12. The verification method of claim 11, wherein the secret-key system is a key-exchange system or a public-and-private key-pair system.

13. The verification method of claim 11, wherein:

the Bluetooth peripheral apparatus receives the first encrypted verification parameter via a Bluetooth-connection request packet which is transmitted by the Bluetooth central apparatus to the Bluetooth peripheral apparatus; and

the Bluetooth peripheral apparatus transmits the second encrypted verification parameter via a Bluetooth-connection response packet which is transmitted by the Bluetooth peripheral apparatus to the Bluetooth central apparatus.

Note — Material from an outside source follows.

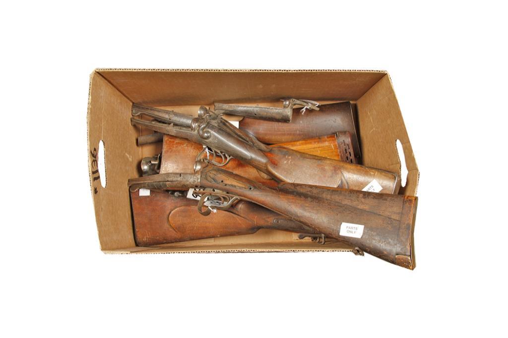 Lot of 9 Husqvarna Shotgun Actions Consists of Husqvarna double barrel shotgun partial receivers for parts, most with stocks attached. Most need a little cleanup. Good parts lot with external hammers, and trigger assemblies.Consists of Husqvarna double barrel shotgun partial receivers for parts, most with stocks attached. Most need a little cleanup. Good parts lot with external hammers, and trigger assemblies.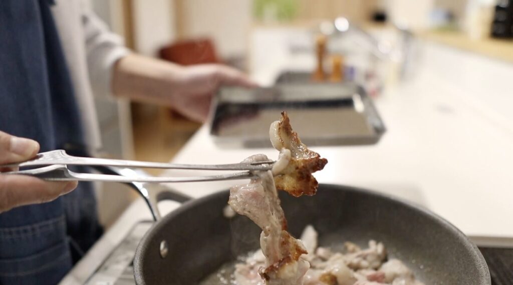 ⚪︎片面に焼き目をつけ香ばしさをだし、豚バラ肉の油を出します

14. The verification method of claim 11, wherein:

the Bluetooth peripheral apparatus receives the first encrypted verification parameter via a first packet which is transmitted by the Bluetooth central apparatus to the Bluetooth peripheral apparatus after the Bluetooth central apparatus has been connected with the Bluetooth peripheral apparatus; and

the Bluetooth peripheral apparatus transmits the second encrypted verification parameter via a second packet which is transmitted by the Bluetooth peripheral apparatus to the Bluetooth central apparatus after the Bluetooth central apparatus has been connected with the Bluetooth peripheral apparatus.

15. The verification method of claim 11, further comprising:

transmitting operation information to the Bluetooth central apparatus before the first encrypted verification parameter is received so that the Bluetooth central apparatus determines whether the Bluetooth peripheral apparatus is an allowed apparatus according to the operation information.

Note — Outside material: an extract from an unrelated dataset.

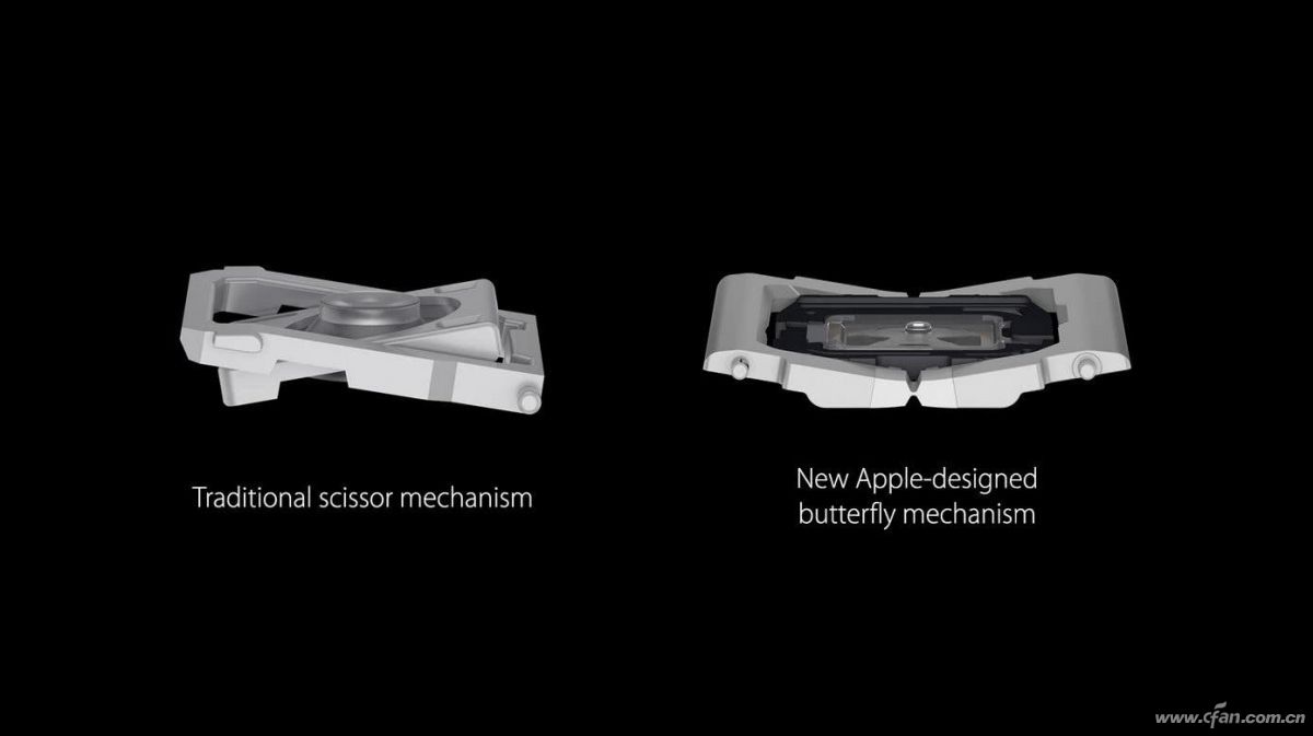2015年~2019年上市的MacBook系列引入了“蝶式键盘”的概念,相比之前的X结构减小了40%,可以大幅减小键盘模组的厚度,但其键程也下降到了1mm左右,导致敲击手感变弱,还存在较高的故障率,因此苹果从2020年开始逐渐将笔记本的键盘从蝶式换回了剪刀式。

16. A verification method implemented on a Bluetooth central apparatus, comprising:

encrypting a piece of verification data according to a secret-key system to generate a first encrypted verification parameter;

transmitting the first encrypted verification parameter to a Bluetooth peripheral apparatus;

receiving a second encrypted verification parameter from the Bluetooth peripheral apparatus;

decrypting the second encrypted verification parameter according to the secret-key system to obtain a piece of decrypted verification data; and

verifying whether the Bluetooth peripheral apparatus is valid according to the piece of verification data and the piece of decrypted verification data.

17. The verification method of claim 16, wherein the secret-key system is a key-exchange system or a public-and-private key-pair system.

18. The verification method of claim 16, wherein:

the Bluetooth central apparatus transmits the first encrypted verification parameter via a Bluetooth-connection request packet which is transmitted by the Bluetooth central apparatus to the Bluetooth peripheral apparatus; and

the Bluetooth central apparatus receives the second encrypted verification parameter via a Bluetooth-connection response packet which is transmitted by the Bluetooth peripheral apparatus to the Bluetooth central apparatus.

19. The verification method of claim 16, wherein:

the Bluetooth central apparatus transmits the first encrypted verification parameter via a first packet which is transmitted by the Bluetooth central apparatus to the Bluetooth peripheral apparatus after the Bluetooth central apparatus has been connected with the Bluetooth peripheral apparatus; and

the Bluetooth central apparatus receives the second encrypted verification parameter via a second packet which is transmitted by the Bluetooth peripheral apparatus to the Bluetooth central apparatus after the Bluetooth central apparatus has been connected with the Bluetooth peripheral apparatus.

20. The verification method of claim 16, further comprising:

receiving operation information from the Bluetooth peripheral apparatus before transmitting the first encrypted verification parameter; and

determining whether the Bluetooth peripheral apparatus is an allowed apparatus according to the operation information.